TASK GOAL:
The answer must reproduce the listing exactly, with every picture left out.

----- DATA SHOWN

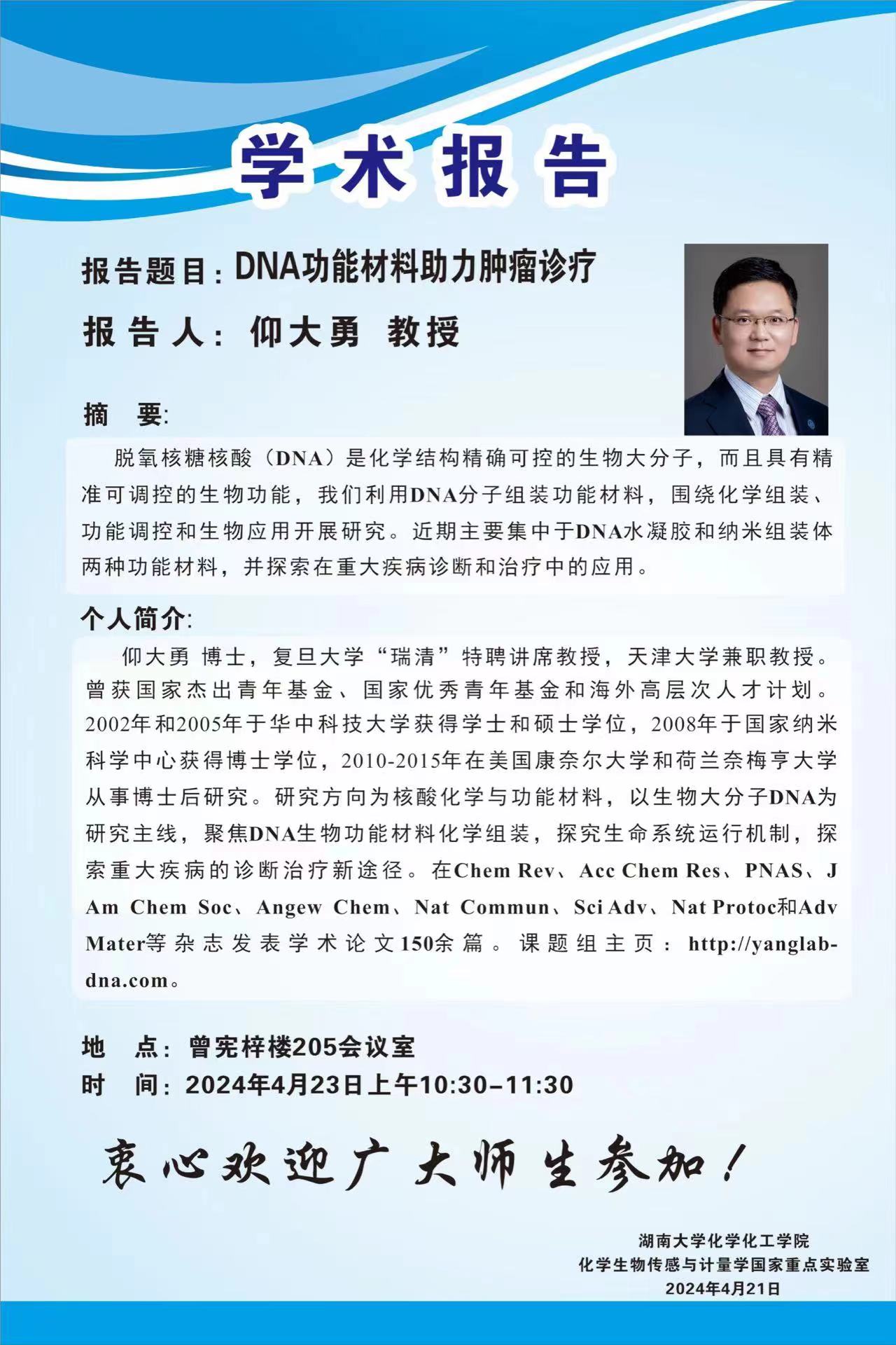 2024年4月23日复旦大学仰大勇教授学术报告会
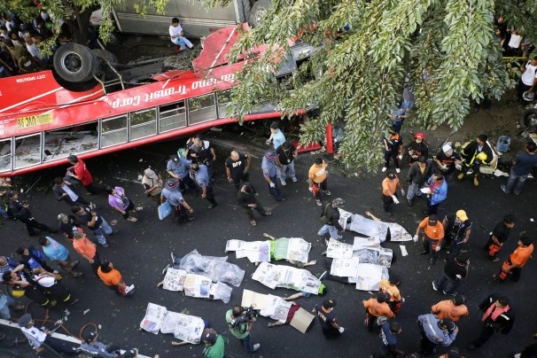 Những hình ảnh trên truyền hình cho thấy nhiều thi thể nằm xung quanh đống đổ nát của chiếc xe bus. Ivy Vidal, phát ngôn viên của cơ quan quản lý Skyway, cho biết, tai nạn xảy ra khi đường ướt vì trời mưa, song ông chưa biết nguyên nhân.
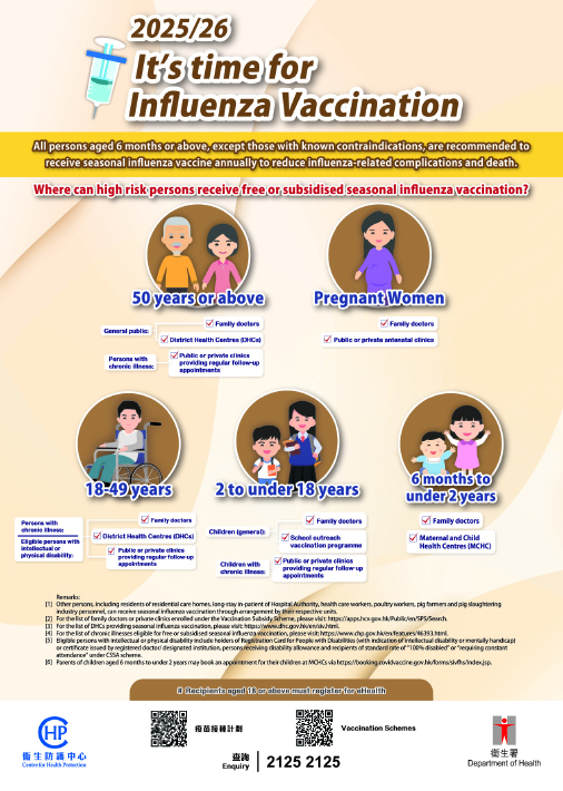 The SIV Programmes for the 2025/26 season have commenced this year, further covering persons aged 18 to 49 with chronic medical problems. Eligible persons can receive free or subsidised SIV under the programmes. The eligibility criteria and recommended vaccination venues are as follows:
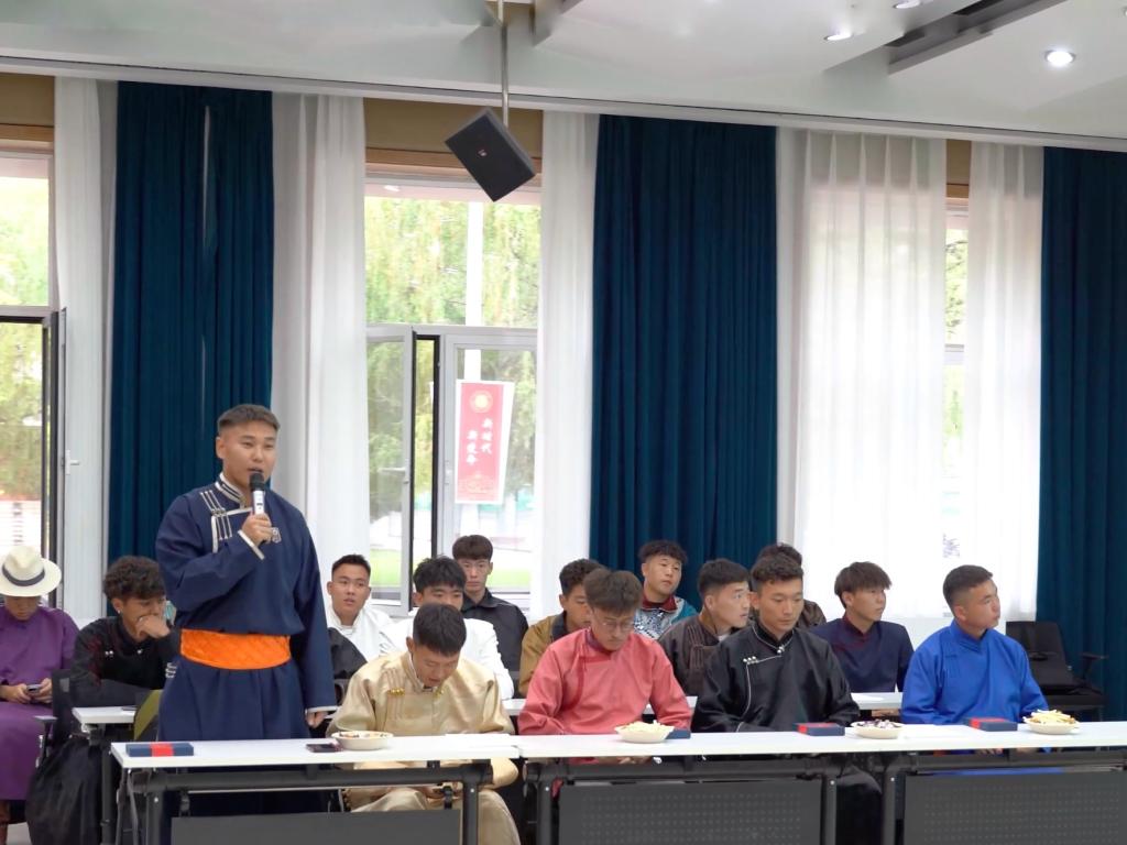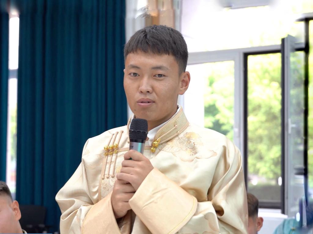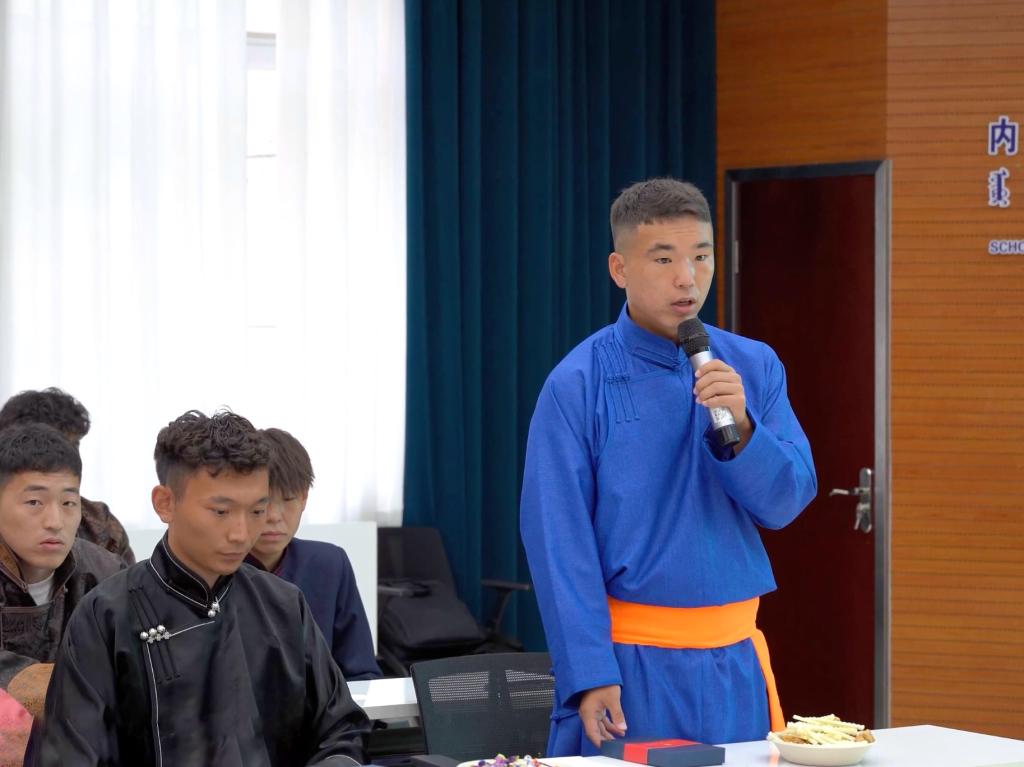 2020级新闻学专业旭日干作为助理教练,2020级播音与主持艺术专业那琴、2020级中国少数民族语言文学专业松布日作为队员代表分享了参加比赛的感想。

----------

RESULT FOR THIS TASK:
 2024年4月23日复旦大学仰大勇教授学术报告会
 Những hình ảnh trên truyền hình cho thấy nhiều thi thể nằm xung quanh đống đổ nát của chiếc xe bus. Ivy Vidal, phát ngôn viên của cơ quan quản lý Skyway, cho biết, tai nạn xảy ra khi đường ướt vì trời mưa, song ông chưa biết nguyên nhân.
 The SIV Programmes for the 2025/26 season have commenced this year, further covering persons aged 18 to 49 with chronic medical problems. Eligible persons can receive free or subsidised SIV under the programmes. The eligibility criteria and recommended vaccination venues are as follows:
 2020级新闻学专业旭日干作为助理教练,2020级播音与主持艺术专业那琴、2020级中国少数民族语言文学专业松布日作为队员代表分享了参加比赛的感想。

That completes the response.